Anonymous posted on Thursday, June 23, 2005 - 12:03 pm
Acutally my data is collected from stratified sampling and there are a sampling weights variable(for unequal selection probability) and variables for Primary sampling unit and strata. I want to fit SEM model with my data.
My question is "If I have the weight variables(BRR,Balanced Repeated Replication. Actually I have 88 BRR variables), how I can reflect this information in SEM? When I use Weight option, Cluster option and Stratification option in Variable command, the standard error is based on Taylor series expansion. I know that the standard errors based on BRR usually are more reliable than the standard errors based on Taylor series expansion."
If you have 88 weight variables, this cannot be handled in Mplus.
Tom Munk posted on Monday, August 29, 2005 - 8:13 am
I have a situtation similar to that mentioned above, but I'm wondering if external Monte Carlo can help.
BRR (mentioned above) is a relative of Jackknife (my situation). In both cases, there are multiple weight variables because the analysis is intended to be run multiple times.
In my NAEP data, I have 62 replicate weights. I'm intended to run the data once with base weights to get parameter estimates, then 62 more times -- each time the same analysis with a different weight variable (sschwt01-62). The appropriate variance estimate is the sum of the squared differences of the sixty-two parameter estimates from the baseline parameter estimate. This can be used for significance tests.
I know I can use External Monte Carlo to run all sixty-three models and generate useful output if I first create sixty-three different datasets -- but the replicate weights I've described are designed to make this much simpler. I should be able to use the same dataset, simply changing the weight variable with each run. Does MPLUS provide any way to automate these 63 runs?
I can't think of any way to do this without having separate data sets. External Monte Carlo uses the same input and separate data sets but doesn't have different inputs. Alternatively, you could create different inputs and run them using a batch file in DOS.

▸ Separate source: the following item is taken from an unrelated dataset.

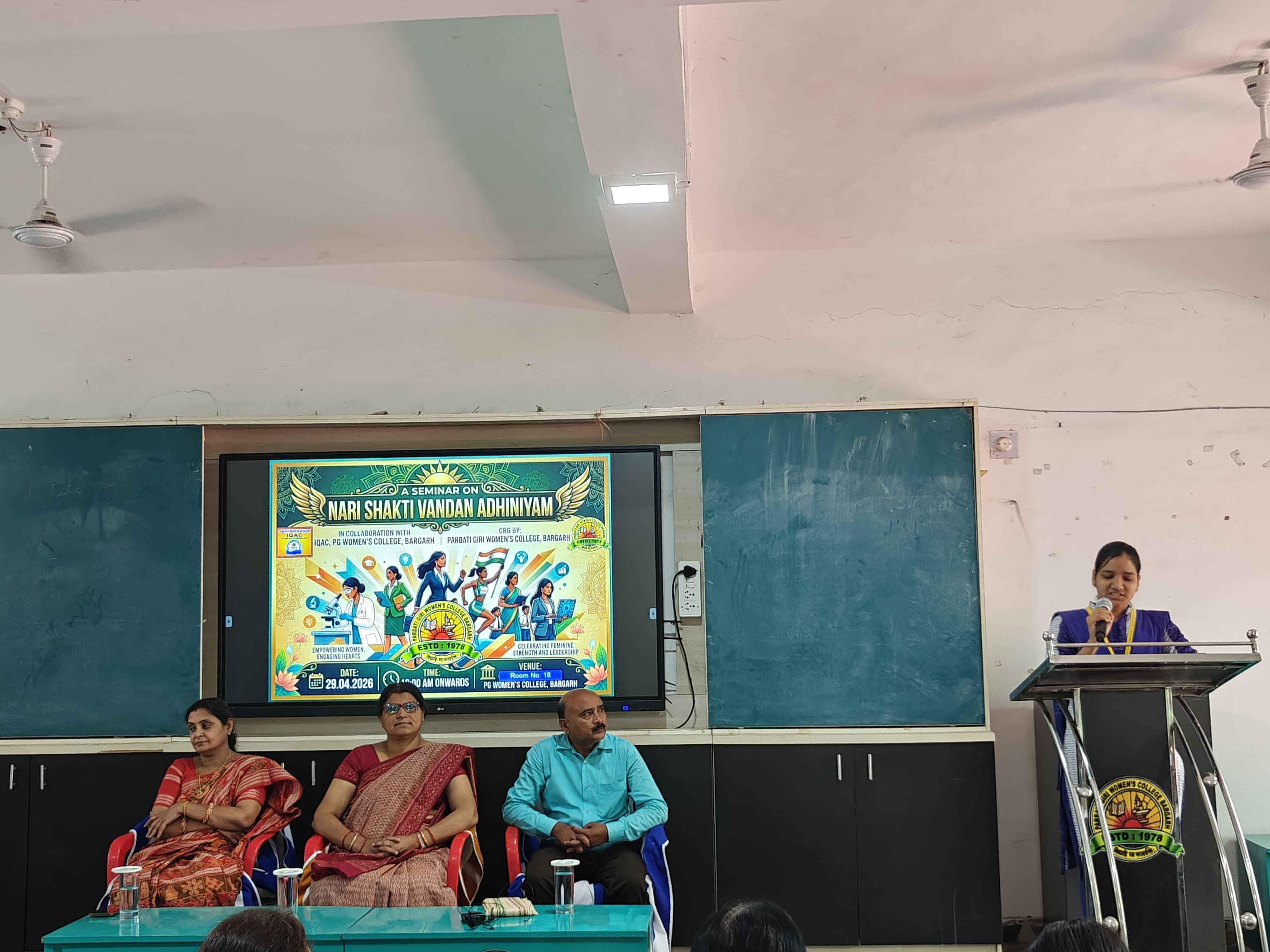 ସହକାରୀ ପ୍ରଫେସର ଶ୍ରୀଯୁକ୍ତ ସୁବଳ ମେହେର ମୁଖ୍ଯ ଆଲୋଚକ ଭାବେ ଯୋଗଦେଇ ଭାରତୀୟ ଲୋକତନ୍ତ୍ରରେ ମହିଳାମାନଙ୍କ ଭାଗୀଦାରିତା ଓ ନାରୀଶକ୍ତି ବନ୍ଦନ ଅଧିନିୟମ ର ପ୍ରାସଙ୍ଗିକତା ସଂପର୍କରେ ବିଶଦ ଆଲୋଚନା କରିଥିଲେ। ମହାବିଦ୍ୟାଳୟର ରାଜନୀତି ବିଜ୍ଞାନର ଚତୁର୍ଥ ସେମିଷ୍ଟାର୍ ର ଛାତ୍ରୀ ଜ୍ଯୋତିର୍ମୟୀ ମ୍ରିଶ୍ର ନିଜର ସନ୍ଦର୍ଭ ଉପସ୍ଥାପନ କରିଥିଲେ । ଏହି କାର୍ଯ୍ୟକ୍ରମରେ ମହାବିଦ୍ୟାଳୟ ର ଅନେକ ଅଧ୍ଯାପକ, ଅଧ୍ଯାପିକା, କର୍ମଚାରୀବୃନ୍ଦ ଓ ବିଭିନ୍ନ ବିଭାଗର ଛାତ୍ରୀ ମାନେ ଯୋଗଦେଇ ଥିଲେ । ସଭା ଶେଷରେ ପ୍ରାଧ୍ୟାପିକା ମଧୁସ୍ମିତା ନନ୍ଦ ଧନ୍ୟବାଦ ଅର୍ପଣ କରିଥିଲେ ।

Tom Munk posted on Monday, August 29, 2005 - 9:10 am
That sounds interesting. Where might I find an example of a batch file creating multiple MPLUS runs?
I'm planning to do secondary data analysis with data from nces that were collected with a complex sampling design. The dataset includes sampling weights and replicate weights to conduct JK2 analyses for computing adjusted standard errrors in programs like AM and WesVar. The dataset also includes a stratification variable and a cluster variable to account for the complex sampling design. Can you provide some guidance on conducting a CFA (and later an SEM) with both categorical and continuous indicators using the appropriate weights?
Mplus can handle sampling weights, clustering, and stratification. See the complex survey data features described in the user's guide. Mplus does not handle replicate weights.
Maja Cambry posted on Wednesday, May 02, 2007 - 9:28 am
I tried to conduct a simple regression using the sampling weight, cluster variable, and stratification variables that are available in my dataset. I get the following error message: *** ERROR Each stratum must contain unique cluster IDs. Clusters are not nested within strata.
I then generated unique cluster ids for each stratum, but still had the same error message. Any clarification on this error message would help. Thanks, M
I am trying to start multiple MPlus-runs using a batch file as suggested above (August 29, 2005). When I execute this file, the MPlus window opens, showing the first input file specified in the run.bat, but not processing anything. Once I close the MPlus window, another instance opens, showing the second input file, so per se the batch seems to work. What do I need to change in order to have the specified input files executed successively?